- **THE TASK**:
Please give again exactly the lines from the top of the material through the line with "Gefertigt aus Polyresin"; omit each picture.
Start of SUPPLIED ENTRIES
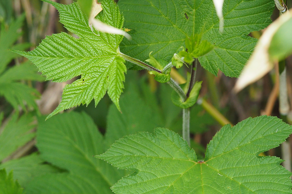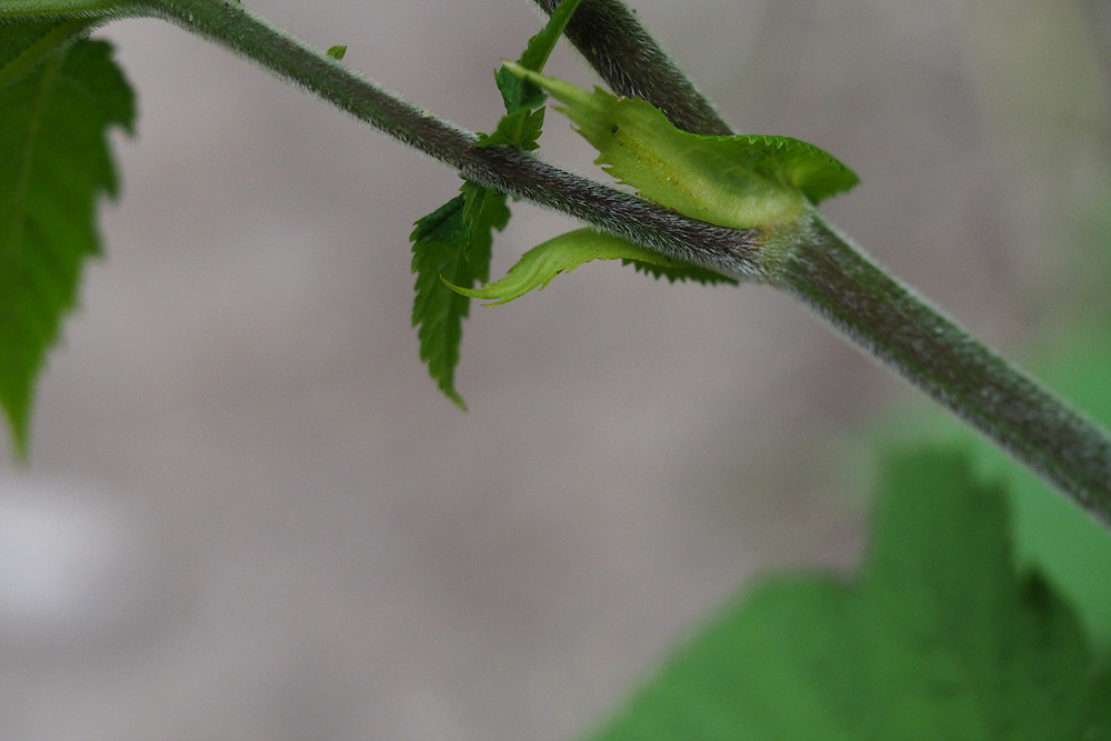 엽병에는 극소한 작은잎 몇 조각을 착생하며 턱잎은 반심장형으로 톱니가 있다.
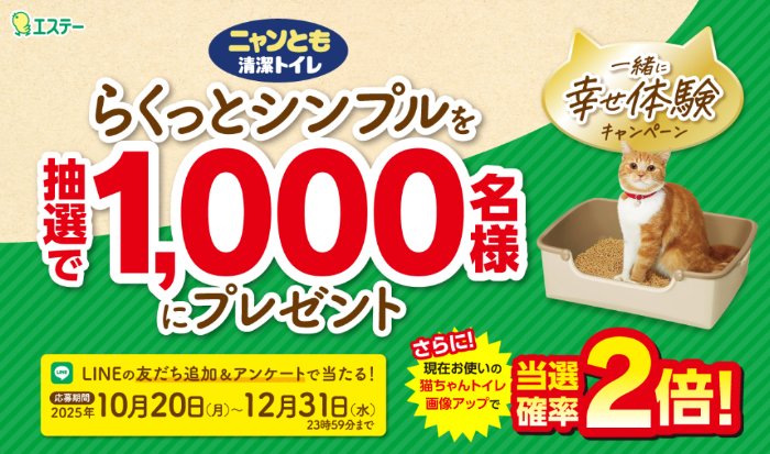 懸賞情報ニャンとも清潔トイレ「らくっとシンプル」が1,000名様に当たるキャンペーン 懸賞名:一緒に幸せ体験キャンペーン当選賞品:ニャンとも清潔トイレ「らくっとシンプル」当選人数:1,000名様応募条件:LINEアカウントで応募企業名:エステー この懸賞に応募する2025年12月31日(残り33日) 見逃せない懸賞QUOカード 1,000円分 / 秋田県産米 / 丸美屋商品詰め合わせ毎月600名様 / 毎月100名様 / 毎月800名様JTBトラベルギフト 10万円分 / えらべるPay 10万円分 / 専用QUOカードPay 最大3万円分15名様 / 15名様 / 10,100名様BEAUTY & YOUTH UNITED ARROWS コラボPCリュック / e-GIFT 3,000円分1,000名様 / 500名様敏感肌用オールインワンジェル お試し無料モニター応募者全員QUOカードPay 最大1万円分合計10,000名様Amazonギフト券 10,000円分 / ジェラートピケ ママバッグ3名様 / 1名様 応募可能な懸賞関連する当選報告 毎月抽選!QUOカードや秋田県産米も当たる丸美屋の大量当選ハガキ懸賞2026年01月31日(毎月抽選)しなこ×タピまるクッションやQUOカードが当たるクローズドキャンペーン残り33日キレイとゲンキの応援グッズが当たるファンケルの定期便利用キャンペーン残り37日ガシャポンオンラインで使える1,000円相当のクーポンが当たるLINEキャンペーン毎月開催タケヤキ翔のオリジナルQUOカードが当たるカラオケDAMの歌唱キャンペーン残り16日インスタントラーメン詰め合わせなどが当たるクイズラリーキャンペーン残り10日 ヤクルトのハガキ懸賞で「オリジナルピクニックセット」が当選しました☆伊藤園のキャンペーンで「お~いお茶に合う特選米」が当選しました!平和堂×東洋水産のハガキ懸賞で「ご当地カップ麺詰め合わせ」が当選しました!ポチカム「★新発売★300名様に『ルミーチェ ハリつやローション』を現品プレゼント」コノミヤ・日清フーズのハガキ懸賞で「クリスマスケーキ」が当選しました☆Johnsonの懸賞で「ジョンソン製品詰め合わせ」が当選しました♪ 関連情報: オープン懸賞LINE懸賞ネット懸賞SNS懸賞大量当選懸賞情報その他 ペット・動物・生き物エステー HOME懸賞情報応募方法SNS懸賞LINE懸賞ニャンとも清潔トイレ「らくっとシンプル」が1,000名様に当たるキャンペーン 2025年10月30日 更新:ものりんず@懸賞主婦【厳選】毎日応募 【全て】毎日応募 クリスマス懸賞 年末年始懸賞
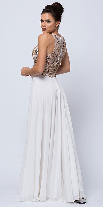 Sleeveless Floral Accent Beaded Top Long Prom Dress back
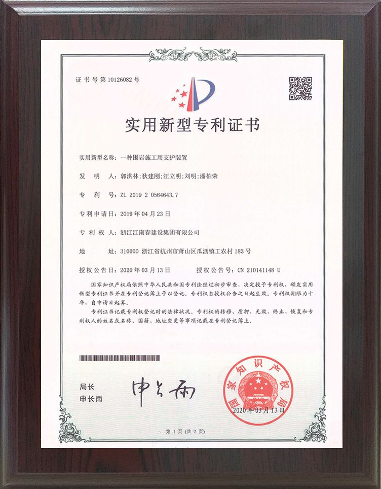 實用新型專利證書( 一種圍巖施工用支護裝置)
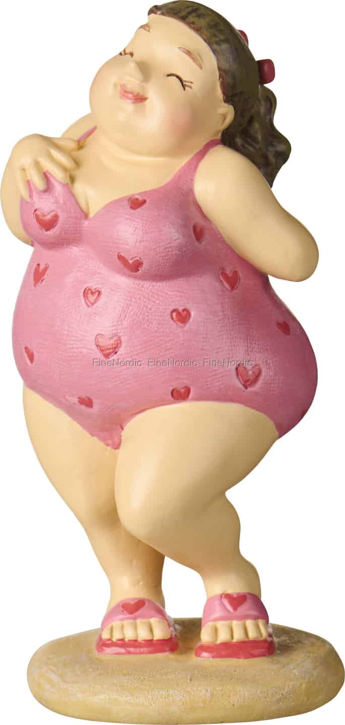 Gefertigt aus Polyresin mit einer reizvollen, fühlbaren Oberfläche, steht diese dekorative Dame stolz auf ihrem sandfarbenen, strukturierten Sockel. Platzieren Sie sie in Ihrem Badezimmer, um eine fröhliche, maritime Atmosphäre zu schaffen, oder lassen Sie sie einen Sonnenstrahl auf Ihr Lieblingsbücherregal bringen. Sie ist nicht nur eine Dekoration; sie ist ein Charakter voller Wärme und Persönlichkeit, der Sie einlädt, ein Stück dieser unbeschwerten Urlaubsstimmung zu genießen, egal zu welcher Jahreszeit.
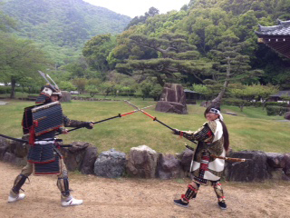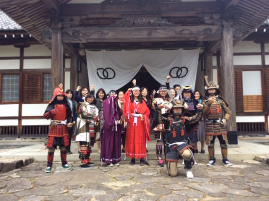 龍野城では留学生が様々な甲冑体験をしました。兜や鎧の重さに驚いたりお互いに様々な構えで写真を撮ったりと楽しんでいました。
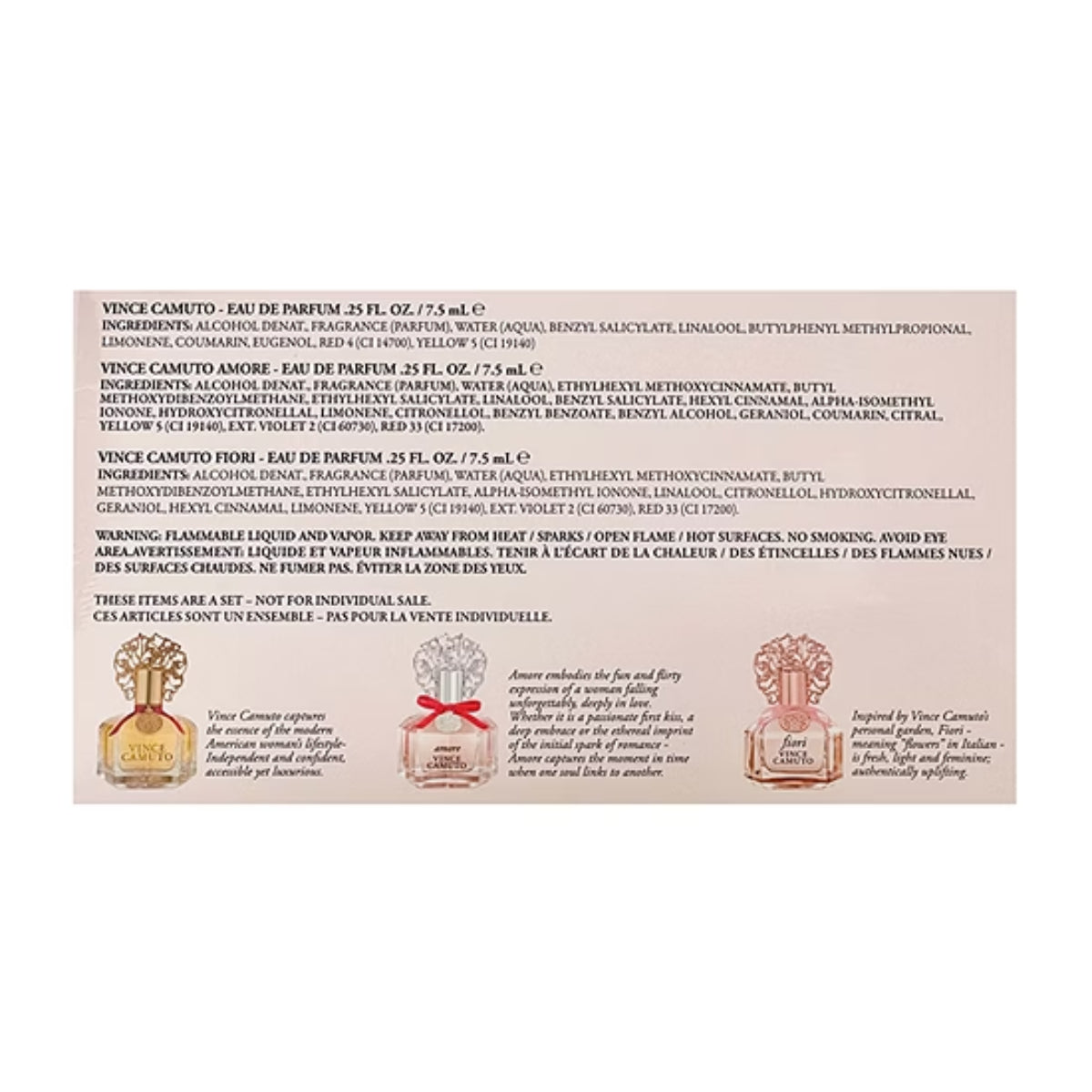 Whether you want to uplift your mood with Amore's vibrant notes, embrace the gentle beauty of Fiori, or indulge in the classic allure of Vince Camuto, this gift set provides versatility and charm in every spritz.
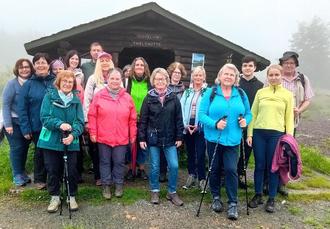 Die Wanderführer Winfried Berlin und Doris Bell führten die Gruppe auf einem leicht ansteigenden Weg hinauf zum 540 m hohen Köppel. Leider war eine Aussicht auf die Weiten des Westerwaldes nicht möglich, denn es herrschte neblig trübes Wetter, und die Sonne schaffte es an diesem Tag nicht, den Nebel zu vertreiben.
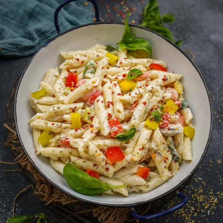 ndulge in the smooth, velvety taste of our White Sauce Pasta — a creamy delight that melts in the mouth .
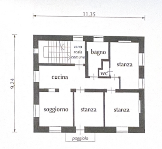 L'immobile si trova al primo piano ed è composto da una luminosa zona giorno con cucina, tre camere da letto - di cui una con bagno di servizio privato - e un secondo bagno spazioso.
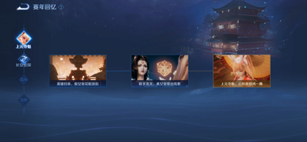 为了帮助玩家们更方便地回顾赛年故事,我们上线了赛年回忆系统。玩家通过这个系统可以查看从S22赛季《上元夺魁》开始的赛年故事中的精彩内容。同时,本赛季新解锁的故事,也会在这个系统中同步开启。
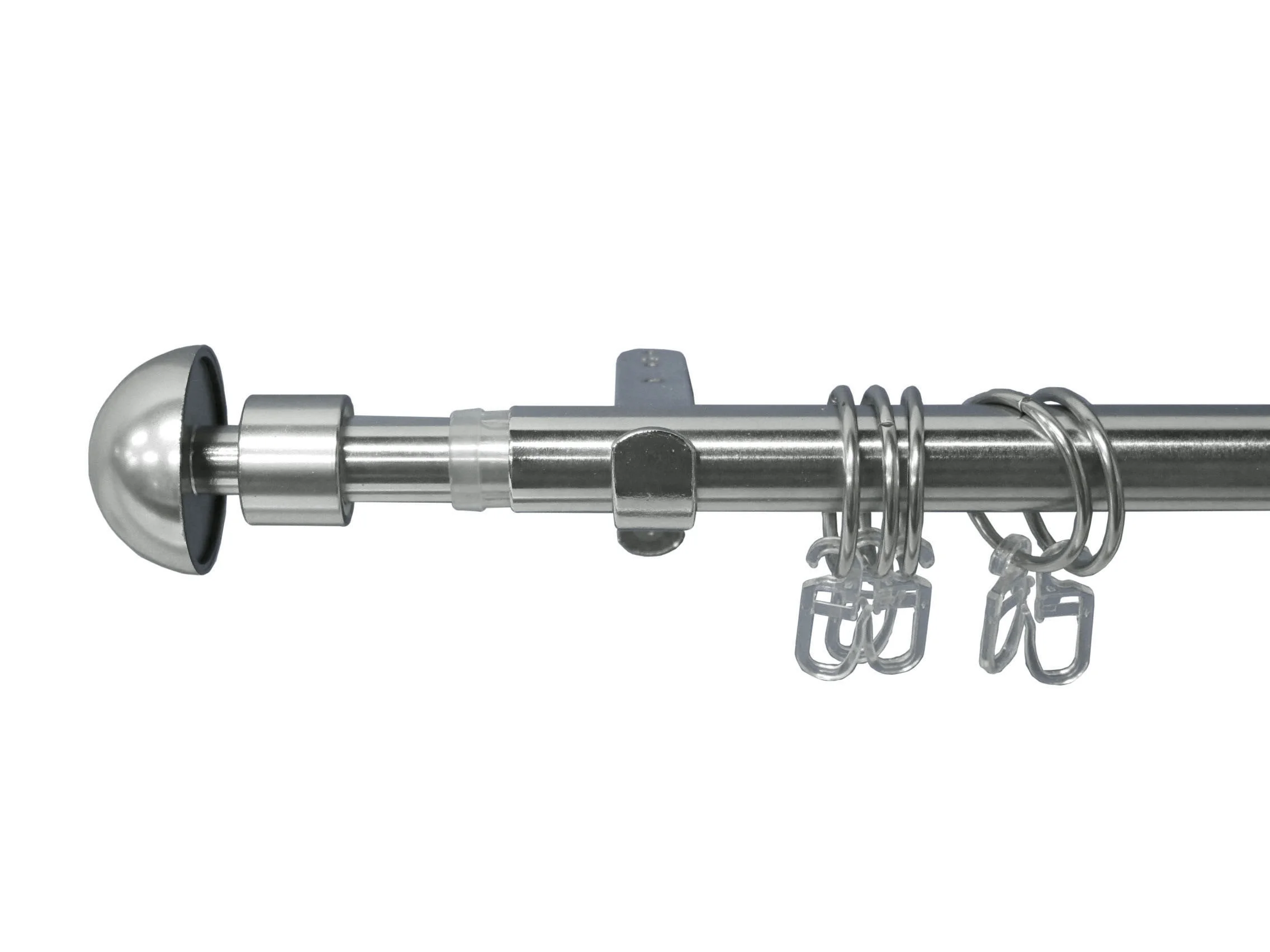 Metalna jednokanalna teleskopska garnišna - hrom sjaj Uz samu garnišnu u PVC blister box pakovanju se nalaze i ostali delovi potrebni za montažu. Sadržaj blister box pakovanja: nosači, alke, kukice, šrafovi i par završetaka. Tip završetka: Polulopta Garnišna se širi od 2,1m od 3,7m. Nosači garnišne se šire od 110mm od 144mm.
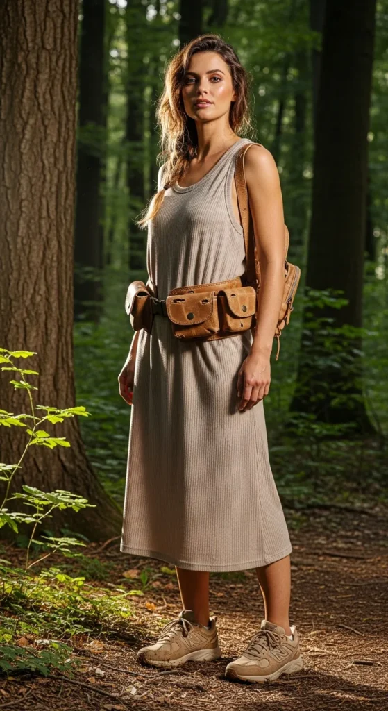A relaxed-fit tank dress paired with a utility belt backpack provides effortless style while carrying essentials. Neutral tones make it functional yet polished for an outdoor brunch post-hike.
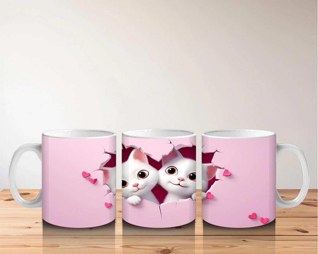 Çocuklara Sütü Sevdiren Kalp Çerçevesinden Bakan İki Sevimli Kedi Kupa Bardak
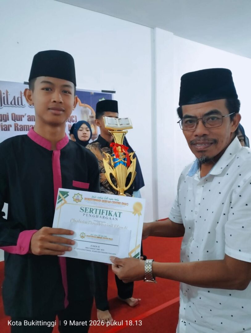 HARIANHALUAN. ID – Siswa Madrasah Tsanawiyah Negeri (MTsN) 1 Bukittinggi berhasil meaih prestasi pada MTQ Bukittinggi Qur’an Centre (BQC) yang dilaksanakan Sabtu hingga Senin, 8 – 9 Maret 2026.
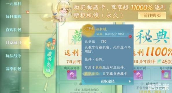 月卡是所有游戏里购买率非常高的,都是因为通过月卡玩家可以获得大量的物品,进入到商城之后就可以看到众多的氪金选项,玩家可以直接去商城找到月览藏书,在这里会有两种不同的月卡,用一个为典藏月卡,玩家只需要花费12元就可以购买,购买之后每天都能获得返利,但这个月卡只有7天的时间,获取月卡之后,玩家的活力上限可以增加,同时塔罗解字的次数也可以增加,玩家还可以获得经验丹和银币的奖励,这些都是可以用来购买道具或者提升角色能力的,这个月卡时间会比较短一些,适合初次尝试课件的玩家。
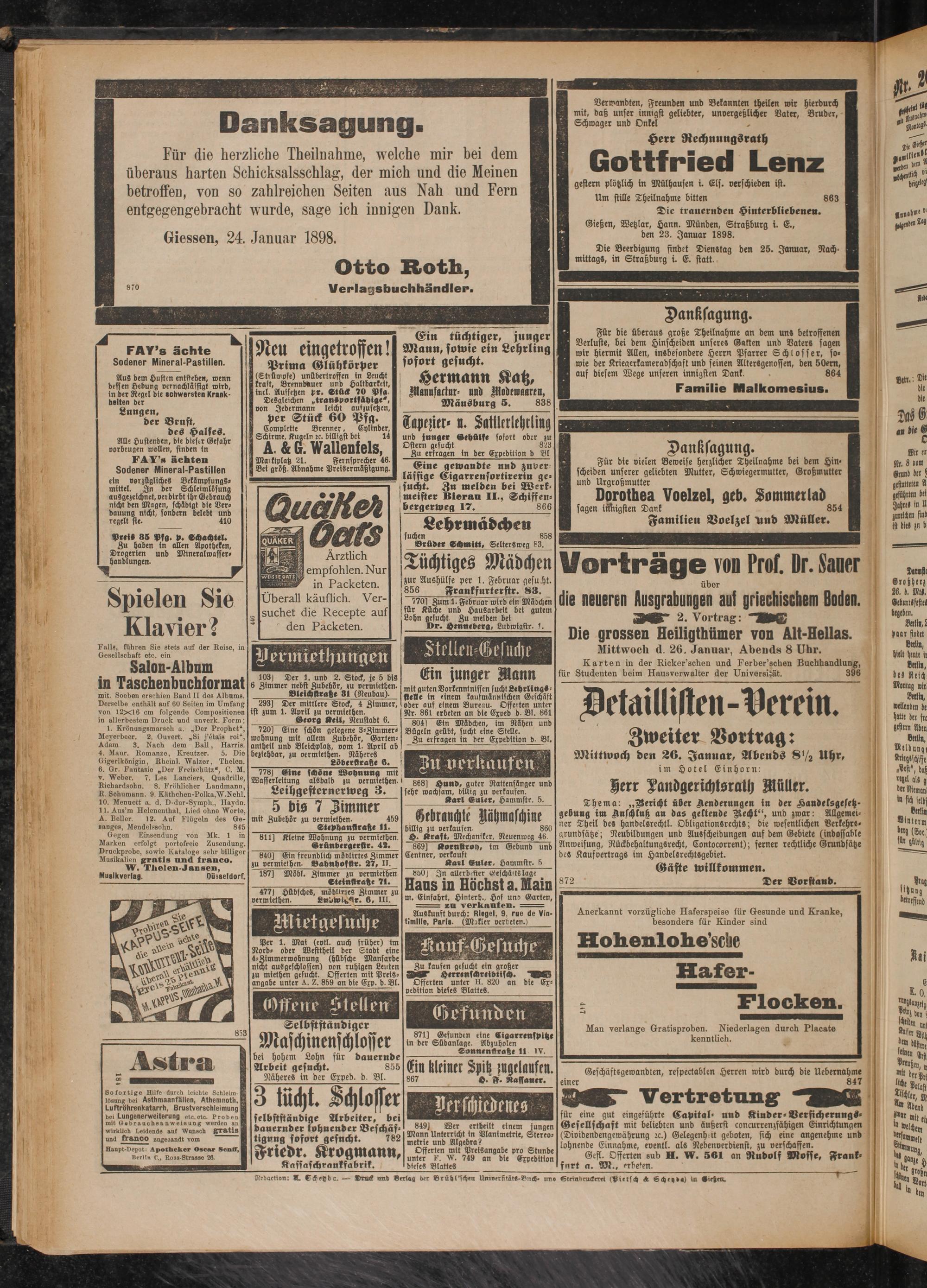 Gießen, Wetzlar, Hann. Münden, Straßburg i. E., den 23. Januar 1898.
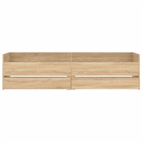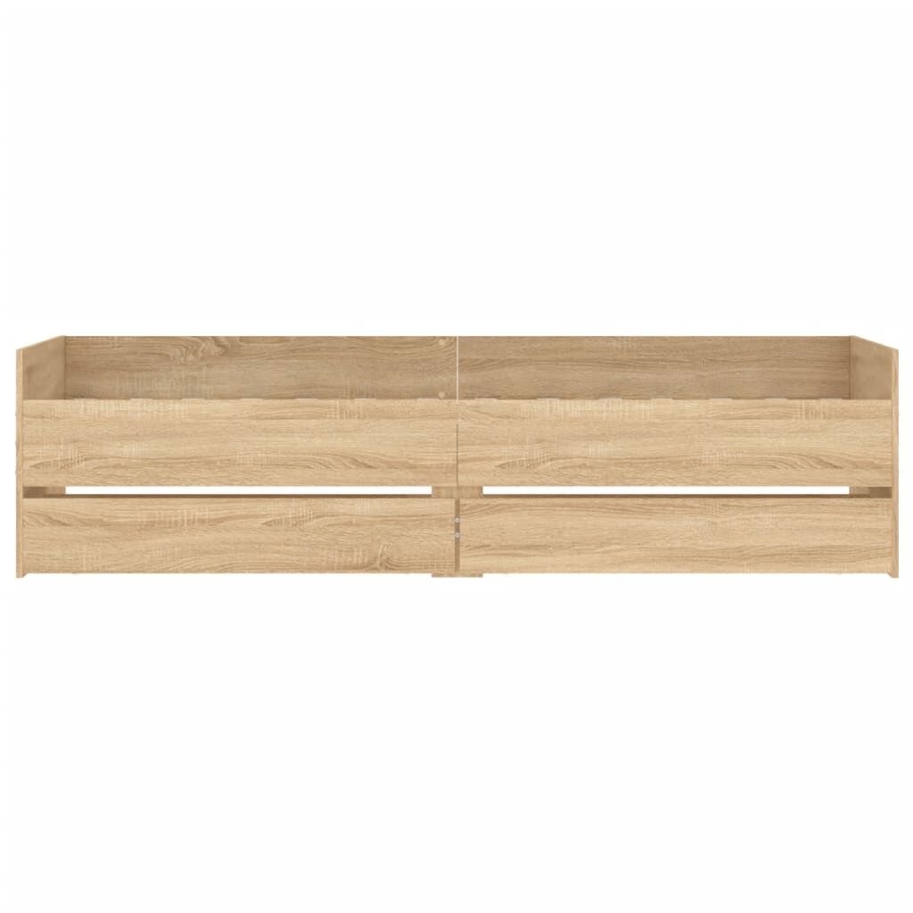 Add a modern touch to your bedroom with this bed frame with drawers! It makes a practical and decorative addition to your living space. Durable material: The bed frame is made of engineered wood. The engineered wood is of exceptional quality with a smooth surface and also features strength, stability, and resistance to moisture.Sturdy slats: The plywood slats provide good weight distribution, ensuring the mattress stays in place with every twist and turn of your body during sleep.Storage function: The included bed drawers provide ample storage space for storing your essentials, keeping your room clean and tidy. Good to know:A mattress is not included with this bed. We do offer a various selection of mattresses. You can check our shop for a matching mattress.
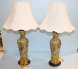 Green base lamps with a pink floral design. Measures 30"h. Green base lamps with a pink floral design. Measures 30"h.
End of SUPPLIED ENTRIES
- **WRITTEN ANSWER**:
 엽병에는 극소한 작은잎 몇 조각을 착생하며 턱잎은 반심장형으로 톱니가 있다.
 懸賞情報ニャンとも清潔トイレ「らくっとシンプル」が1,000名様に当たるキャンペーン 懸賞名:一緒に幸せ体験キャンペーン当選賞品:ニャンとも清潔トイレ「らくっとシンプル」当選人数:1,000名様応募条件:LINEアカウントで応募企業名:エステー この懸賞に応募する2025年12月31日(残り33日) 見逃せない懸賞QUOカード 1,000円分 / 秋田県産米 / 丸美屋商品詰め合わせ毎月600名様 / 毎月100名様 / 毎月800名様JTBトラベルギフト 10万円分 / えらべるPay 10万円分 / 専用QUOカードPay 最大3万円分15名様 / 15名様 / 10,100名様BEAUTY & YOUTH UNITED ARROWS コラボPCリュック / e-GIFT 3,000円分1,000名様 / 500名様敏感肌用オールインワンジェル お試し無料モニター応募者全員QUOカードPay 最大1万円分合計10,000名様Amazonギフト券 10,000円分 / ジェラートピケ ママバッグ3名様 / 1名様 応募可能な懸賞関連する当選報告 毎月抽選!QUOカードや秋田県産米も当たる丸美屋の大量当選ハガキ懸賞2026年01月31日(毎月抽選)しなこ×タピまるクッションやQUOカードが当たるクローズドキャンペーン残り33日キレイとゲンキの応援グッズが当たるファンケルの定期便利用キャンペーン残り37日ガシャポンオンラインで使える1,000円相当のクーポンが当たるLINEキャンペーン毎月開催タケヤキ翔のオリジナルQUOカードが当たるカラオケDAMの歌唱キャンペーン残り16日インスタントラーメン詰め合わせなどが当たるクイズラリーキャンペーン残り10日 ヤクルトのハガキ懸賞で「オリジナルピクニックセット」が当選しました☆伊藤園のキャンペーンで「お~いお茶に合う特選米」が当選しました!平和堂×東洋水産のハガキ懸賞で「ご当地カップ麺詰め合わせ」が当選しました!ポチカム「★新発売★300名様に『ルミーチェ ハリつやローション』を現品プレゼント」コノミヤ・日清フーズのハガキ懸賞で「クリスマスケーキ」が当選しました☆Johnsonの懸賞で「ジョンソン製品詰め合わせ」が当選しました♪ 関連情報: オープン懸賞LINE懸賞ネット懸賞SNS懸賞大量当選懸賞情報その他 ペット・動物・生き物エステー HOME懸賞情報応募方法SNS懸賞LINE懸賞ニャンとも清潔トイレ「らくっとシンプル」が1,000名様に当たるキャンペーン 2025年10月30日 更新:ものりんず@懸賞主婦【厳選】毎日応募 【全て】毎日応募 クリスマス懸賞 年末年始懸賞
 Sleeveless Floral Accent Beaded Top Long Prom Dress back
 實用新型專利證書( 一種圍巖施工用支護裝置)
 Gefertigt aus Polyresin mit einer reizvollen, fühlbaren Oberfläche, steht diese dekorative Dame stolz auf ihrem sandfarbenen, strukturierten Sockel. Platzieren Sie sie in Ihrem Badezimmer, um eine fröhliche, maritime Atmosphäre zu schaffen, oder lassen Sie sie einen Sonnenstrahl auf Ihr Lieblingsbücherregal bringen. Sie ist nicht nur eine Dekoration; sie ist ein Charakter voller Wärme und Persönlichkeit, der Sie einlädt, ein Stück dieser unbeschwerten Urlaubsstimmung zu genießen, egal zu welcher Jahreszeit.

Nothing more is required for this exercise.